Essentials-Only Path: 13-14 Months

License: CC BY-SA 4.0 Duration Hours Cost

A comprehensive, self-paced curriculum for applied mathematics. Get job-ready in 13-14 months with courses from MIT, Stanford, and Harvard. 100% free.

Version 1.0 | Last Updated: December 2025


🚀 Quick Start

This curriculum provides comprehensive training in applied mathematics for quantitative careers:

  • 💼 Finance: Quantitative Analyst, Financial Engineer, Risk Analyst
  • 💻 Technology: Machine Learning Engineer, Data Scientist
  • 📊 Consulting: Operations Research Analyst
  • 📈 Economics: Computational Economist
  • 🎲 Insurance: Actuarial Analyst, Risk Modeler

Time Commitment: 20-25 hours/week for 13-14 months
Cost: $0 (all resources are free)
Prerequisites: Calculus I, Statistics I, high school algebra

Start today: Jump to Phase 0


📑 Table of Contents


🎯 Philosophy

This curriculum focuses on core applied mathematics that provides a foundation for quantitative careers:

  • Financial Engineering / Quantitative Finance
  • Machine Learning / Data Science / AI
  • Operations Research
  • Computational Economics
  • Scientific Computing / Engineering
  • Risk Analysis / Actuarial Science

Our approach:

  • Essentials-focused - Core topics needed for applied work
  • Practical - Projects and implementation throughout
  • Rigorous - Deep understanding of fundamentals
  • Accessible - All resources are free and self-paced
  • Balanced - Prepares for multiple career paths

Topics covered:

  • Multivariable Calculus and vector calculus
  • Linear Algebra (deep foundations)
  • Probability & Statistics (rigorous, applied focus)
  • Differential Equations (ODEs + intro to PDEs)
  • Optimization (critical for all quantitative work)
  • Stochastic Processes (finance, risk, modeling)
  • Numerical Methods and Scientific Computing
  • Programming (Python for scientific computing)

⏱️ Timeline

Total: 57 weeks (13-14 months with realistic pacing)

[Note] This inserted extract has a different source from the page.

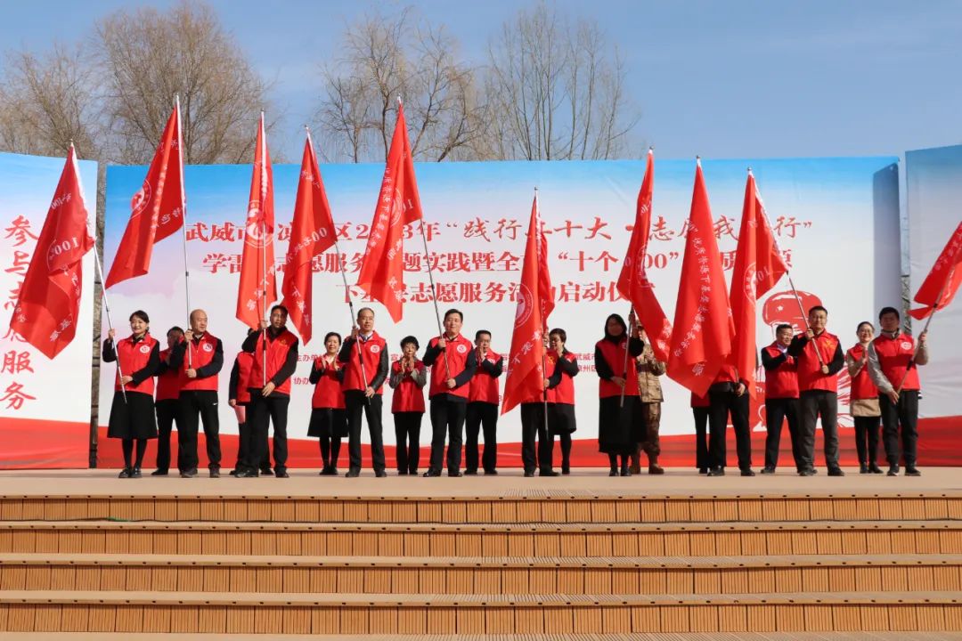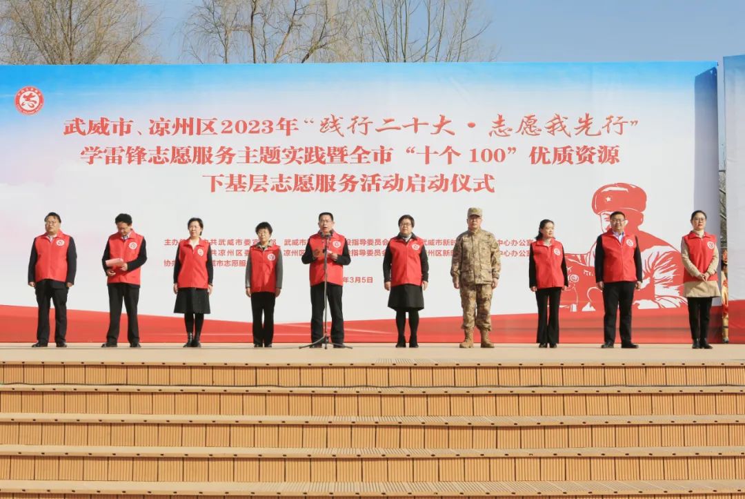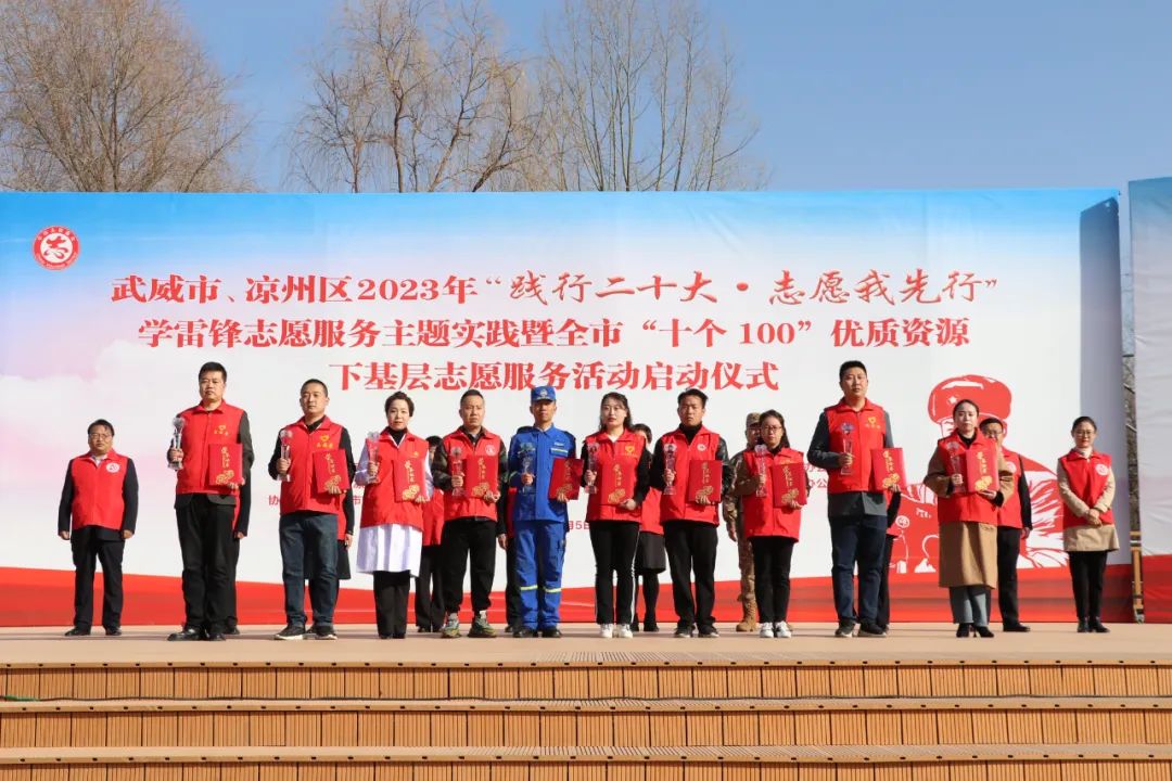 为深入学习宣传贯彻党的二十大精神,大力弘扬雷锋精神,激励更多的人参与志愿服务,推动市级优质资源下沉基层,努力营造“我为人人 人人为我”的社会氛围。3月5日上午,由市、区宣传部、文明办、文明实践办主办,市志愿服务联合会协办的武威市、凉州区2023年“践行二十大 志愿我先行”学雷锋志愿服务主题实践暨全市“十个100”优质资源下基层志愿服务活动启动仪式在凉州区植物园举办。

  • 20-25 hrs/week: 13-14 months
  • 15-20 hrs/week: 16-18 months
  • 30+ hrs/week: 10-11 months

With 20% buffer for review/projects: 14-16 months realistic


📚 Prerequisites

Required:

  • High school algebra and trigonometry
  • Basic computer literacy
  • Calculus I (derivatives, basic integration, fundamental theorem)
  • Statistics I (descriptive statistics, intro to inference)

Don't have these prerequisites?

Want to refresh before starting?


🗺️ Curriculum Structure

Phase 0: Learning Foundations (1 week)
    ↓
Phase 1: Core Mathematics (26 weeks)
    ├── Calculus II & Multivariable
    ├── Linear Algebra (DEEP)
    └── Probability & Statistics
    ↓
Phase 2: Applied Core (24 weeks)
    ├── Optimization
    ├── Differential Equations (ODEs + intro PDEs)
    ├── Stochastic Processes
    └── Scientific Computing
    ↓
Phase 3: Computational Mastery (6 weeks)
    └── Numerical Linear Algebra + Projects

Total: 57 weeks (~13-14 months)


🏁 Phase 0: Learning Foundations (1 week, 8-10 hours)

Goal: Learn how to learn efficiently

Quick Meta-Learning

  • Learning How to Learn - Watch at 1.5x speed, skip to key insights
  • Key takeaways only:
    • Focused vs diffuse thinking
    • Pomodoro technique
    • Spaced repetition
    • Active recall

Environment Setup (2-3 hours)

  • Install Anaconda Python
  • Set up Jupyter notebooks
  • Create GitHub account
  • Basic LaTeX (learn as you go)

Skip the deep dive - just get started.


📐 Phase 1: Core Mathematics (26 weeks)

1.1 Calculus II & Multivariable (8 weeks)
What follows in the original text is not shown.